It's a show business term, meaning to arrive on time no matter what mood you're in, how much sleep you didn't get last night, or how sick you're feeling. Showing up is what you do when you have no enthusiasm for anything, don't want to be doing whatever it is, and couldn't give a flying damn if whatever it is never gets done. Showing up is when you do stuff despite yourself. It's when you grind through your tasks and routines even though you really want to stay home because you have run out of energy, and you have no interest in anything except maybe sleep and junk food.

Eventually that mood passes, through no action of your own, and all that Showing Up means you do not have to spend the next four weeks getting back to where you were before the slump set in.

What nobody tells you is that every time you Show Up, it takes a little bit more from your capacity to feel joy and spontaneity. Show Up too often and life starts to turn grey as an August sky in England: you will not know why you are doing anything, because nothing gives you pleasure any more. You can tell people who have Showed Up too often: they never stay a minute longer than they need to, because they are not getting any pleasure from being there or anywhere else. They prefer being on their own, doing nothing that needs to be done.

People who no longer have a real reason for getting out of bed, but work a job, exercise, eat right, get regular sleep, keep themselves alert and clean: these are the maestros of Showing Up. It's what anyone who does not want to become a pathetic mess of a victim does: sober drunks and clean addicts; divorced men whose children are alienated from them; men who are never going to have a girlfriend. It's what people who almost made the Olympic team do for the rest of their lives. It's what husbands and wives in dead marriages do because their religion won't let them divorce or they can't live on their own. It's what kids who were dropped from the band do, when the band gets its first hit. It's what the children of emotionally absent parents do, unless they turn to drugs and booze and promiscuity.

Normal people do not do this. Normal people react to a hard knock by putting on weight, drinking more, turning into couch potatoes, eating badly, sleeping erratically, turning up at work unshaved now and again, having bad days right in the middle of the office, and taking up with unsuitable partners. Normal people can let themselves go, get Type II diabetes, get overweight and flabby, or lose weight and look like they might snap in the wind. Normal people do not Show Up. They expect to be taken as they are, because what else should they do?

Showing Up is not a virtue. It's a necessity. The alternative is unwashed clothes, flab, and Type II diabetes.

Some people treat it as a productivity trick, the way some people treat not drinking as a productivity trick. Not drinking when you don't have a problem with booze is harmless. Showing Up when you don't want to be there is not harmless.
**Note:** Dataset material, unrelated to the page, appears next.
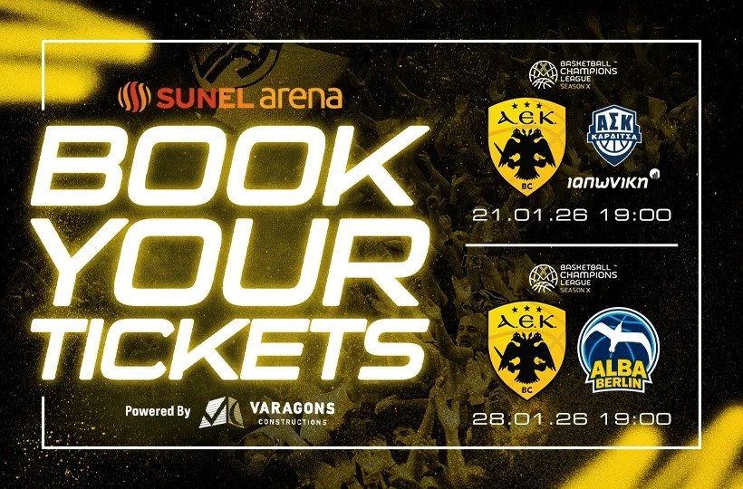 Στις 21 Ιανουαρίου και στις 28 του ίδιου μήνα, η ΑΕΚ υποδέχεται Καρδίτσα και Άλμπα Βερολίνου αντίστοιχα, για τη φάση των "16" του Basketball Champions League. Η ΚΑΕ έβγαλε ανακοίνωση, ενημερώνοντας ότι ξεκίνησε η ηλεκτρονική διάθεση των εισιτηρίων, για τις δυο αναμετρήσεις στη SUNEL Arena.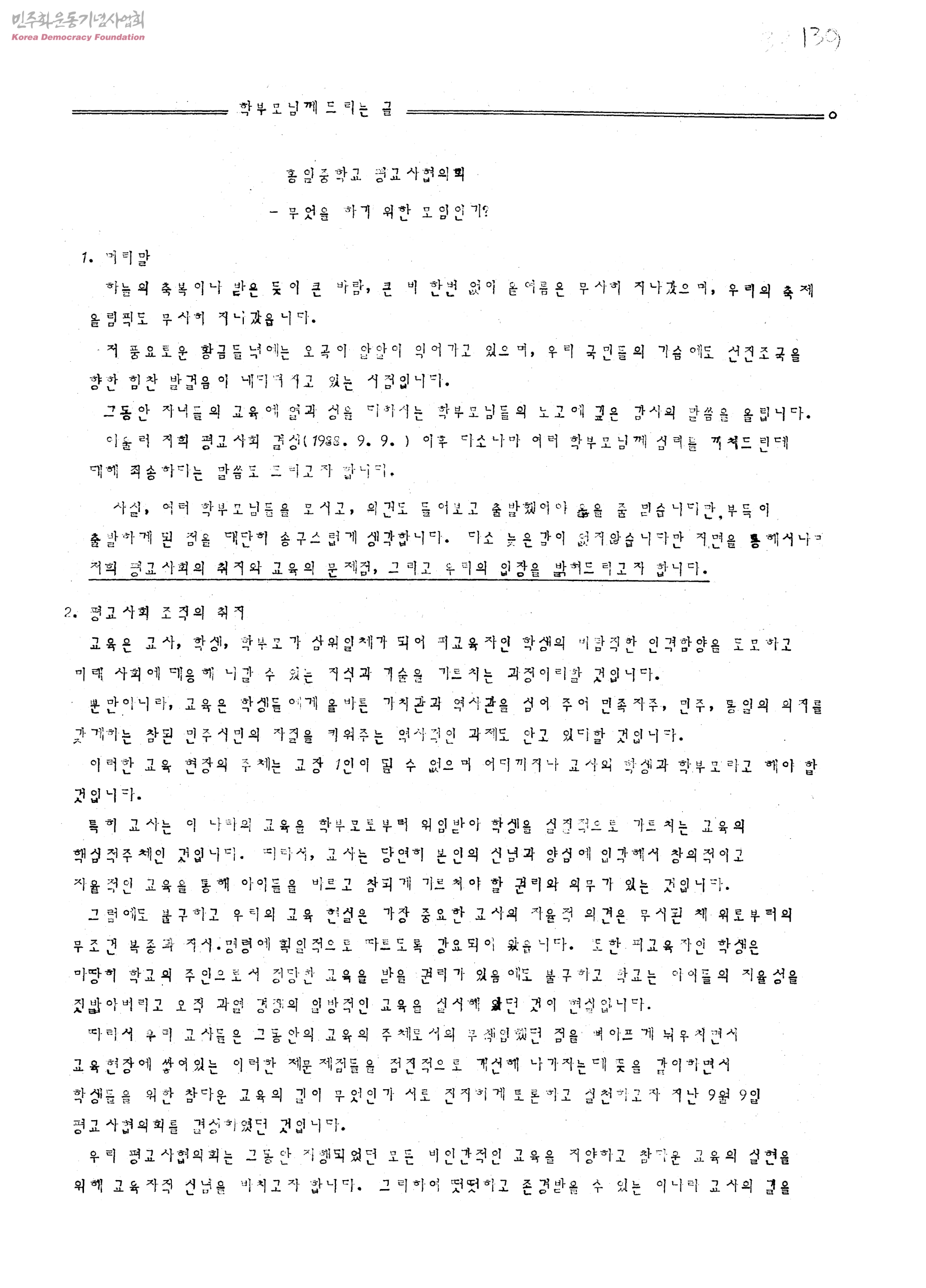 학부모님께 드리는 글홍임중학교 평교사 협의회- 무엇을 하기 위한 모임인가?

It's what strips you of the capacity for joy and pleasure.

I spent at least a decade of my life Showing Up, and it was way too long.

Now I have to figure out how one lives without Showing Up.

Friday, 1 October 2021

On Being Lazy

Lazy is unwilling to do work or use energy.

Engineers use the word to describe part of a system that doesn't do anything unless it has to.

Lazy people don't avoid doing things. (That's indolence.)

They avoid making a big fuss and bother about getting whatever it is done.

Lazy people tell the truth. Then they don't have to remember what they said.

Lazy people tidy the house up once and then put stuff back where they got it from.

Lazy people have a routine. Then they don't have to think about what to do.

Lazy people have simple wardrobes. Then they don't have to think about what to wear.

Lazy people cook simple, healthy food. Because it takes three minutes to make an omelette, and thirty minutes to leave a chicken breast in the oven.

Lazy people work for a living. Have you any idea how hard criminals graft?

It's how you do the work, not the work you do, that makes you lazy.

Lazy people use the right tools for the job. It's easier that way.

Lazy people start a new job by working hard to understand and master it. Then they can do it all in the morning and kick back the rest of the day.

Napoleon said he preferred clever lazy Generals: they would get what he wanted done with the minimum of fuss. What did he do with the stupid, energetic ones? Those he had shot.

Lazy people do things that need doing, not things that some busybody thinks should be done.

Lazy people have time to do the things they want to do, because they are not busy doing make-work.

"Busy" does not mean "useful". It means "occupied with a task" or "having too much to do" or just "fussy".

Lazy people work smart, not hard.

And never do today what could be done tomorrow if there's something else you'd rather be doing today.

Because, when someone else describes you as "lazy", what they mean is you're not doing what they want you to be doing, when they want you to do it.

The boss gets to call you lazy, because he's paying.

No-one else does, because they aren't.

Tuesday, 28 September 2021

If This Is "Vintage Wolfe" What Does That Make Me?

 Browsing the fiction department in Foyles the other week, I found this...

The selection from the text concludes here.